Land reclamation in Macau from 1555 to 2011

Until early 20th century, the Macau peninsula was dotted with small farms on its northern area, beyond the walls protecting the city. Currently, in the Macau peninsula, no arable land, natural pastures or woodland exists and forests have been cleared and plant species have been subjected to profound changes. Coloane on the other hand, due to its later colonisation, still has its forests and is dotted with small farms, namely around the Coloane, Hac Sa and Ka Ho villages.

arable land: 0%

permanent crops: 0%

other: 100% (2011)

In 2010 plans were announced for an additional 3.5 square kilometres of land reclamation in Macau, to be carried out over five years and divided into six phases. These areas cover an area east of the Outer Harbour Ferry Terminal, an area south of Avenida Sun Yat Sen, and the north side of Taipa Island.
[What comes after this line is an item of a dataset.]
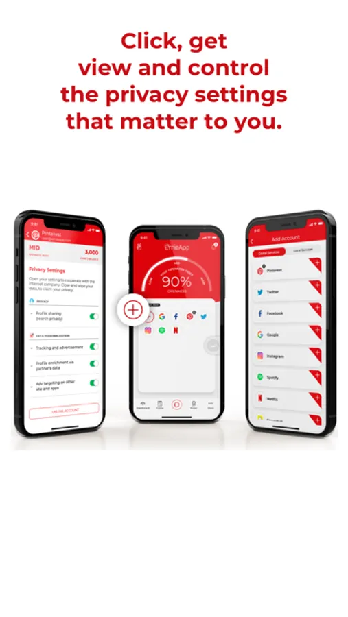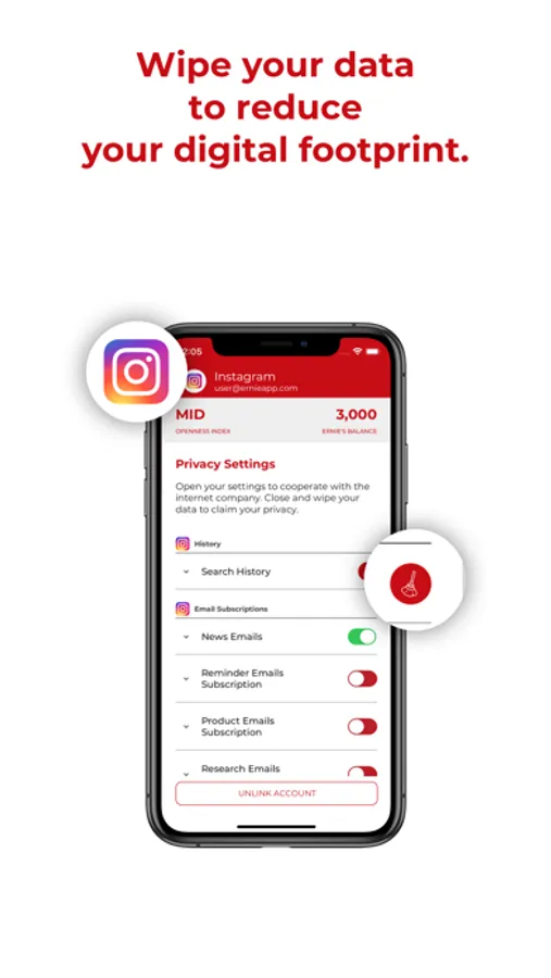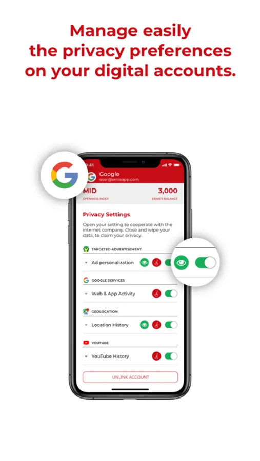 Use the SWITCH to enable/disable data sharing. Action the BROOM to delete data you want deleted. Click on the EYE to discover how your data are monetized by the platform. Check the Index to monitor your privacy score. Play the GAME to learn more about your digital. Refer the app to accrue ERNIES.

The change of total area of Macau (in km square) since the year of 1912:
- Note
- - not included in "Total area of Macau"

| Year | Area of Macau Peninsula | Area of Taipa | Area of Coloane | Area of Cotai | Total area of Macau | Area of UM Hengqin* |
|---|---|---|---|---|---|---|
| 1912 | 3.4* | 2.3 | 5.9 | — | 11.6 | — |
| 1936 | 5.2 | 2.6 | 6.0 | — | 13.8 | — |
| 1957 | 5.5 | 3.3 | 6.3 | — | 15.1 | — |
| 1986 | 5.8 | 3.7 | 7.1 | — | 16.6 | — |
| 1991 | 6.5 | 4.0 | 7.6 | — | 18.1 | — |
| 1996 | 7.7 | 5.8 | 7.6 | — | 21.3 | — |
| 1999 | 7.8 | 6.2 | 7.6 | 2.2 | 23.8 | — |
| 2000 | 8.5 | 6.2 | 7.6 | 3.1 | 25.4 | — |
| 2001 | 8.5 | 6.2 | 7.6 | 3.5 | 25.8 | — |
| 2002 | 8.5 | 6.2 | 7.6 | 4.5 | 26.8 | — |
| 2003 | 8.7 | 6.2 | 7.6 | 4.7 | 27.3 | — |
| 2004 | 8.8 | 6.4 | 7.6 | 4.7 | 27.5 | — |
| 2005 | 8.9 | 6.5 | 7.6 | 5.2 | 28.2 | — |
| 2006 | 9.3 | 6.5 | 7.6 | 5.2 | 28.6 | — |
| 2007–08 | 9.3 | 6.7 | 7.6 | 5.6 | 29.2 | — |
| 2009 | 9.3 | 6.8 | 7.6 | 5.8 | 29.5 | — |
| 2010 | 9.3 | 6.8 | 7.6 | 6.0* | 29.7 | — |
| 2011–12 | 9.3 | 7.4 | 7.6 | 5.6 | 29.9 | — |
| 2013–14 | 9.3 | 7.6 | 7.6 | 5.8 | 30.3 | 1.0 |
| 2015 (Sept.) | 9.3 | 7.6 | 7.6 | 5.9 | 30.4 | 1.0 |

==Environmental factors==
Dense urban environment.

Geography – note: essentially urban; three bridges connect the two islands of Coloane and Taipa to the peninsula on mainland, and an isthmus connects Coloane and Taipa.